Garbage collection, the quirky name used for automatic storage management, might well be called memory recycling if it were invented today. Indeed, it has a venerable history, nearly as long as that of computing itself, extending back to early LISP implementations, with papers appearing from 1960 onward. GC, as it is affectionately known, also developed a reputation for being slow and requiring a lot more memory than explicitly managed memory. If that was not enough, most GC algorithms would wait for the designated memory to fill, then stop the program, collect, and restart the program, introducing pauses into the primary computation.
Proponents of GC have persuasive software engineering arguments on their side: automatic storage reclamation simplifies programming and reduces errors, thus increasing programmer productivity. Ultimately, increasing computer speed and memory capacity made GC a reasonable choice for a much wider range of systems. Java brought it into the mainstream, where it has been quite successful. We have even reached the point where C++, originally posted with signs reading "No GC here!", now offers optional support for it.
But the holy grail for automatic storage management has been to achieve GC for real-time systems. Real-time GC is challenging for several reasons. One is that real-time systems cannot tolerate large pauses. This requires the collector either to be incremental at a fine grain or to run concurrently with the program (called the mutator in GC parlance because it nefariously changes pointers around while the GC is at work). I can recall when I was a graduate student it seemed there was a veritable industry around presenting concurrent GC algorithms in this very publication, with proofs of correctness. In fact, these proofs were offered because they were among the hardest correctness proofs researchers could conceive. Needless to say, this suggests the difficulty of getting concurrent GC algorithms right, much less translating them into correct implementations.

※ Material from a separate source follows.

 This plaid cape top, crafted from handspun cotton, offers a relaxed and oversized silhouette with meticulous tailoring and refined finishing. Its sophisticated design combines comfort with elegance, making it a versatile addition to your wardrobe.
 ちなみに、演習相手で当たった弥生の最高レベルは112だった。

It is quite a tour de force that the authors of the following paper have built a provably correct real-time collector for reconfigurable hardware.

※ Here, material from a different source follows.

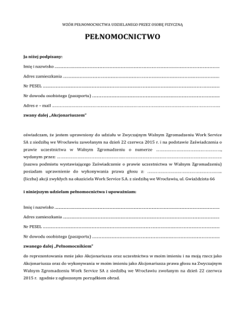 WZÓR PEŁNOMOCNICTWA UDZIELANEGO PRZEZ OSOBĘ FIZYCZNĄ PEŁNOMOCNICTWO Ja niżej podpisany: Imię i nazwisko ................................................................................................................................................................................. Adres zamieszkania ........................................................................................................................................................................ Nr PESEL .............................................................................................................................................................................................. Nr dowodu osobistego (paszportu) ......................................................................................................................................... Adres e – mail …………………………………………………………………………………………………………………………………. zwany dalej „Akcjonariuszem” oświadczam, że jestem uprawniony do udziału w Zwyczajnym Walnym Zgromadzeniu Work Service SA z siedzibą we Wrocławiu zawołanym na dzień 22 czerwca 2015 r. i na podstawie Zaświadczenia o prawie uczestnictwa w Walnym Zgromadzeniu o numerze …………………………………………………, wydanym przez: ………………………………………………………………………………………………………………………………. (nazwa podmiotu wystawiającego Zaświadczenie o prawie uczestnictwa w Walnym Zgromadzeniu) posiadam uprawnienie do wykonywania prawa głosu z: …………………………………………………….….. (liczba) akcji zwykłych na okaziciela Work Service S.A. z siedzibą we Wrocławiu, ul. Gwiaździsta 66 i niniejszym udzielam pełnomocnictwa i upoważniam: Imię i nazwisko ................................................................................................................................................................................. Adres zamieszkania ........................................................................................................................................................................ Nr PESEL .............................................................................................................................................................................................. Nr dowodu osobistego (paszportu) ......................................................................................................................................... zwanego dalej „Pełnomocnikiem” do reprezentowania mnie jako Akcjonariusza oraz uczestnictwa w moim imieniu i na moją rzecz jako Akcjonariusza oraz do wykonywania w moim imieniu jako Akcjonariusza prawa głosu na Zwyczajnym Walnym Zgromadzeniu Work Service SA z siedzibą we Wrocławiu zwołanym na dzień 22 czerwca 2015 r. zgodnie z ogłoszonym porządkiem obrad. WZÓR PEŁNOMOCNICTWA UDZIELANEGO PRZEZ OSOBĘ FIZYCZNĄ Na mocy niniejszego pełnomocnictwa Pełnomocnik upoważniony jest do wykonywania w moim imieniu jako Akcjonariusza wszystkich uprawnień przysługujących akcjonariuszowi na Walnym Zgromadzeniu z akcji Work Service A w liczbie ………………..……………………………….... (słownie: ……………………………………………………………………………………………………………………….…). Dodatkowe informacje, klauzule, wyłączenia, szczególne uprawnienia Pełnomocnika, w szczególności informacja czy pełnomocnikowi przysługuje prawo do udzielania dalszych pełnomocnictw: ……………………………………………………………………………………………………………………………………………………... ……………………………………………………………………………………………………………………………………………………... ……………………………………………………………………………………………………………………………………………………... (w przypadku niewypełnienia – przekreślić). …………………………………………………………………………… (data i czytelny podpis Akcjonariusza) WAŻNE INFORMACJE: Identyfikacja Akcjonariusza. W celu identyfikacji Akcjonariusza udzielającego pełnomocnictwa, do niniejszego pełnomocnictwa powinna zostać załączona kopia dowodu osobistego, paszportu lub innego urzędowego dokumentu tożsamości akcjonariusza. Dodatkowo akcjonariusz będący osobą fizyczną winien załączyć oświadczenie o wyrażeniu zgody na przetwarzanie przez Spółkę danych osobowych w celu identyfikacji akcjonariusza na potrzeby weryfikacji ważności pełnomocnictwa udzielonego w postaci elektronicznej, W przypadku wątpliwości co do prawdziwości kopii wyżej wymienionych dokumentów, Zarząd Spółki zastrzega sobie prawo do żądania od pełnomocnika okazania przy sporządzaniu listy obecności kopii potwierdzonej za zgodność z oryginałem przez notariusza lub inny podmiot uprawniony do potwierdzania za zgodność z oryginałem kopii dowodu osobistego, paszportu lub innego urzędowego dokumentu tożsamości akcjonariusza. Identyfikacja pełnomocnika W celu identyfikacji pełnomocnika, Zarząd Spółki zastrzega sobie prawo do żądania od pełnomocnika okazania przy sporządzaniu listy obecności: a) W przypadku pełnomocnika będącego osobą fizyczną - kopii dowodu osobistego, paszportu lub innego urzędowego dokumentu tożsamości pełnomocnika; b) W przypadku pełnomocnika innego niż osoba fizyczna - oryginału lub kopii potwierdzonej za zgodność z oryginałem przez notariusza lub inny podmiot uprawniony do potwierdzania za zgodność z oryginałem odpisu z właściwego rejestru lub innego dokumentu potwierdzającego upoważnienie osob

Concurrent GC alone is not enough to achieve real-time storage management. You also need provable bounds on the time to collect and the maximum memory needed by your program running under this scheme. Firstly, the collector cannot fall behind the mutator: it must be able to collect disused memory and recycle it for mutator use at least as fast as the mutator allocates memory units. An implication is that unless you can impose an artificial bound on the mutator’s allocation rate, your collector must not only be concurrent but also fast.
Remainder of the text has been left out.